- Harry Morgan (Christian Slater) confronting Brian Moser (Roby Attal) for trying to get close to his brother Dexter Morgan (Patrick Gibson).
- Episode no.: Episode 10
- Directed by: Michael Lehmann
- Story by: Clyde Phillips; Alexandra Franklin; Marc Muszynski;
- Teleplay by: Clyde Phillips
- Cinematography by: Edward J. Pei
- Editing by: Perri Frank
- Original air date: February 14, 2025
- Running time: 50 minutes

Guest appearances
- Sarah Michelle Gellar as Tanya Martin (special guest star); Roby Attal as Brian Moser; Kathleen Rose Perkins as Barbara; Eli Sherman as Little Dexter; London Thatcher as Nicky Spencer; Jasper Lewis as Doris Morgan; Raquel Justice as Sofia Rivera; Amanda Brooks as Becca Spencer; Sarah Kinsey as Camilla Figg; Aaron Jennings as Clark Sanders;

Episode chronology
| ← Previous "Blood Drive" | Next → — |

= Code Blues =

"Code Blues" is the tenth episode and series finale of the American crime drama mystery television series Dexter: Original Sin, prequel to Dexter. The episode was written by series creator Clyde Phillips from a story by Phillips, producer Alexandra Franklin and producer Marc Muszynski, and directed by executive producer Michael Lehmann. It was released on Paramount+ with Showtime on February 14, 2025, and airing on Showtime two days later.

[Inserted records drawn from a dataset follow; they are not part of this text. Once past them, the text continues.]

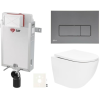 Függő WC-készlet - a készlet a következőket tartalmazza: falra szerelhető vortex öblítőmodul, WC-tartály SAT vezérlőgomb SAT és WC-ülőke. A WC-ülőke duroplast anyagból készült. A vezérlőgomb műanyagból készült, és pisztolyfém matt színű.
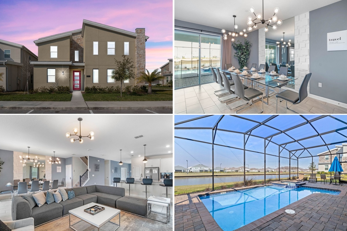 Sit back and relax in this stylish home with all the amenities you need for a fun family getaway. This home has a spacious layout with 3 bedrooms and 2 baths. We have thought of everything so you don't have to-toiletries,washer/dryer, and wifi. Enjoy your morning coffee in the screened in pool area with a beautiful sunrise and lake view or sip a glass of wine while floating in the pool. Just minutes to Theme Parks and major highways, this is the dream home you have been waiting for!
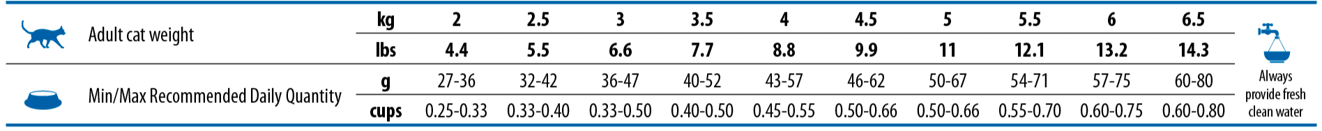 crude protein 31.00%; crude fat 11.00%; crude fibres 6.50%; moisture 8.00%; crude ash 8.20%; Calcium 1.10%; Phosphorus 0.90%; Magnesium 0.09%; Omega-6 2.00%; Omega-3 0.40%; DHA 0.15%; EPA 0.10%; Taurine 0.18%.
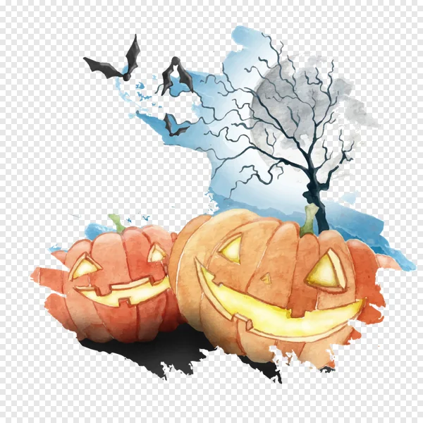 Tags: Halloween autumn bare tree bats clipart decoration digital art fall festive free download full moon glowing grin holiday jack-o'-lanterns night scene pumpkins spooky transparent PNG watercolor
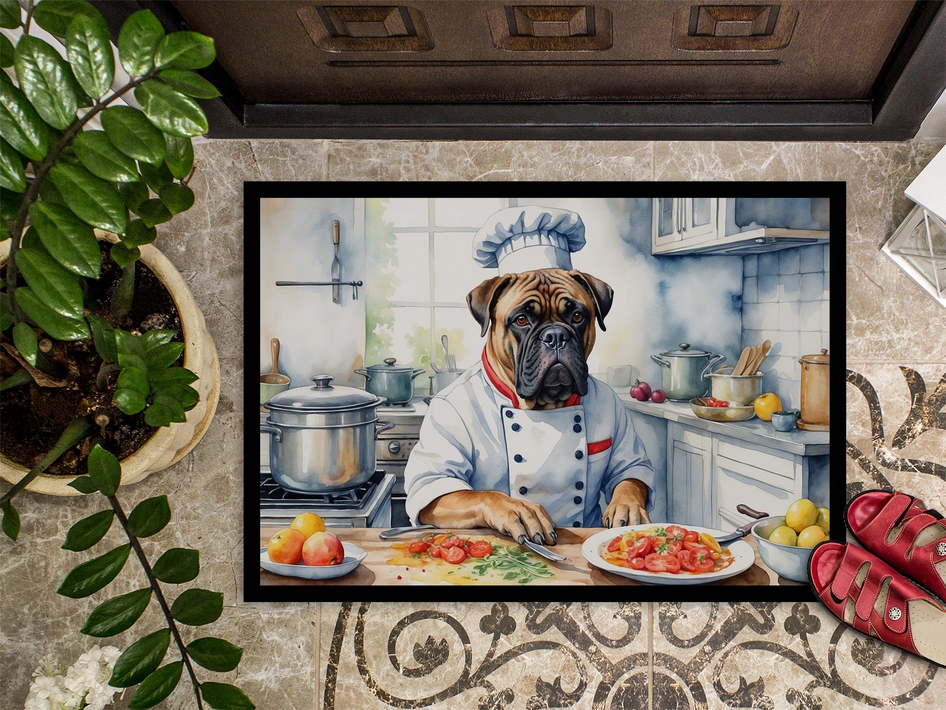 Doormat featuring breed specific Bullmastiff artwork. Welcome your guests in style with our Artwork Door Mat, designed to withstand almost any weather condition. This mat, measuring approximately 18 by 27 inches, is held together by durable black binding tape. Its top layer, composed of polyester felt, is dyed with the eye-catching image you see on the mat. A few layers below provide the mat with stability, while its rubber bottom is stamped to help prevent slipping and ensures safety. Our mat works wonderfully as both an indoor or outdoor door mat. For cleaning, simply hose it off with water or use a power washer - no need for any cleaner that produces suds. Avoid scrubbing with a brush, instead, opt for the vacuum on floor setting. Designed manufactured and printed in the USA, this mat is a perfect addition to your porch, outdoor kitchen, entryway, or any indoor space. Its unique design makes it a charming decorative rug that greets your guests and adds a stylish touch to your home decor.
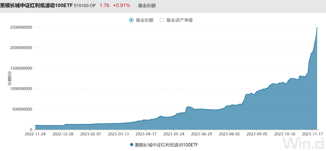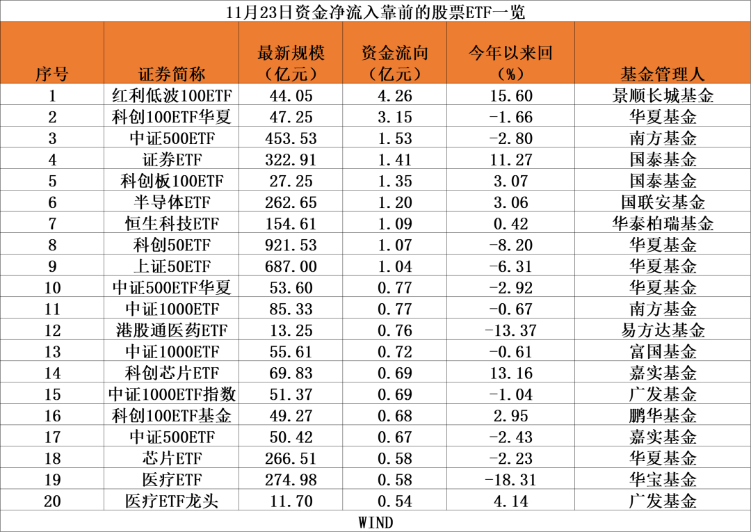 值得注意的是,景顺长城红利低波100ETF当日增加2.42亿份,至25亿份,再创历史新高,资金净流入达4.26亿元,位居当日资金净流入第一。记者发现,景顺长城红利低波100ETF自2020年成立以来回报达76.19%,截至11月23日,今年以来,该ETF基金份额激增1837.21%,规模则飙涨了2147.45%,至44.05亿元。

The series explores a young Dexter Morgan, as he begins working as a forensic blood spatter analyst at the Miami Metro Police Department. It also explores his inner conflicts, wherein he begins his days as a serial killer. In the episode, Dexter pursues Spencer in order to locate Nicky's cell, while Brian tries to get close to Dexter.

The episode received positive reviews from critics, who praised the performances, themes and character development, although many still expressed dissatisfaction with Spencer's motives.

==Plot==
Talking with his therapist, Brian (Roby Attal) relates how after the Morgans sent him away, he was put into a series of different foster homes. Due to his violent behavior, he was placed in Harbor Light Mental Hospital, where he was diagnosed with antisocial personality disorder. As an adult, Brian violently confronts his nurse for depriving him of his medicine for the past months. The therapist, Paul Petrie, is content with Brian's progress, but warns him not to contact Dexter (Patrick Gibson). Upset, Brian brutally kills him and steals his car.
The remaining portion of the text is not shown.